This next phase, however, appears to be harmonizing with the 2030 timeline of the Sustainable Development Goals, and while this sounds like a positive planetary win, I would caution that from the perspective of natural capital valuation, the alignment between the SDGs, the 2025 revision of the System of National Accounts, and the inclusion of the SEEA, System of Environmental Economic Accounting, will be locking partners into external standards, verification systems, and dispute architectures controlled by Brussels. The most strategic layer is environmental data.

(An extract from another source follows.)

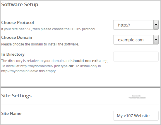 • Site Name: Enter the name of your website, such as "e107".
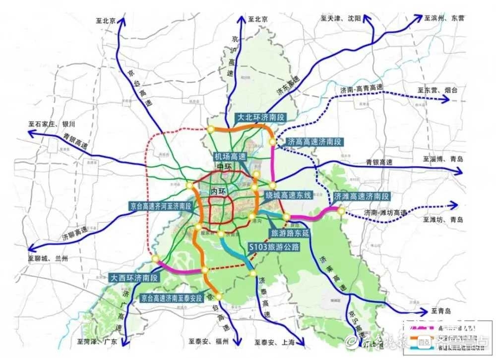 在干线公路方面,济南建设完善畅安舒美的高速公路网络,推进济青高速中线、济南至微山、济南至高青、高青至商河、济南绕城高速二环线等高速公路规划建设。建成济青中线、济南至高青、高青至商河高速公路及绕城高速二环线西环段、北环段,扩建京台高速(济南至泰安段)、绕城高速东线及南线,规划建设济南至微山、宁津等方向高速公路。实施G104线、G220线、G309线、G308线、G341线、G340线以及S103线、S241线等国省道部分路段改扩建。

If SDG-era data control is now primary terrain, then much of the EU’s trade diplomacy will downstream data governance. The EU model ties access to data production, data format, traceability, and third-party verification under EU-compatible service oriented templates, likely to induce significant costs to communities, creating further barriers to access for impacted communities. EUDR traceability and geolocation requirements show this directly. INSPIRE-style interoperability shows the deeper structure: define valid environmental knowledge, then define valid market participation. In the economics of this system, cooperation is the language while jurisdiction over data is the reality.
EU-Mercosur
Chapter 18, the Trade and Sustainable Development (TSD) chapter of the EU-Mercosur agreements is framed as cooperative, but it centralizes environmental-data in EU-compatible systems: its scope links trade and investment to SDGs, entirety of Multilateral Environmental Agreements (MEAs), climate, biodiversity, forests, fisheries, and transparency, which makes environmental information a core trade object rather than a side issue (Chapter 18, scope provisions); Article 18.10 then anchors measures in recognized scientific and technical bodies and international standards, with precaution under uncertainty, which in practice advantages actors with stronger certification and interoperability infrastructures (Chapter 18, Art. 18.10); the forests, biodiversity, fisheries, and responsible supply-chain sections deepen traceability and verification expectations so market access increasingly depends on EU-legible proof of origin, legality, and sustainability (Chapter 18, thematic sections); and as stipulated in (18.15), is subject to the same dispute settlement mechanisms (21.3).
The result is the further and ongoing exclusion of indigenous, peasant, conflict displaced and climate vulnerable at-risk communities in regions already impacted by climate change and social instability. Unlike the harsh colonial methods of the 19th century or the neocolonial post war resource grabs, this is a 21st century soft-hard governance system where cooperation is the language, but one where there is a US$100 trillion+ data-validity jurisdiction that remains external to partners. Although I discuss this elsewhere, the Natural Capital valuation is one that will primarily benefit the OECD countries with the highest debt, managed by the biggest asset managers. This is neither fair nor equitable.
EU-India
The EU-India Trade and Sustainable Development chapter (Chapter 21) is comparable to EU-Mercosur on the environmental-data front, even if the chapter numbering differs. Unlike the Mercosur text, I have only seen the India draft and the technical certification aspects seem like a work in progress, without the formal institutionalized governance of Mercosur. However, the India text does combine market access with sustainability obligations that require measurable, verifiable compliance. The practical hegemony channel is external to tariff tables: exporters must increasingly produce EU-legible evidence on emissions, traceability, and due diligence to preserve access. That pressure is reinforced by EU-side regulations such as the Carbon Border Adjustment Mechanism (CBAM) and the EU’s Regulation of Deforestation-free Products (EUDR), which sit outside the FTA text but materially condition participation in the EU market. So while these market mandates may seem benign and even worthwhile, structurally, they are housed within the same structural discourse as sanctionable and hegemonic.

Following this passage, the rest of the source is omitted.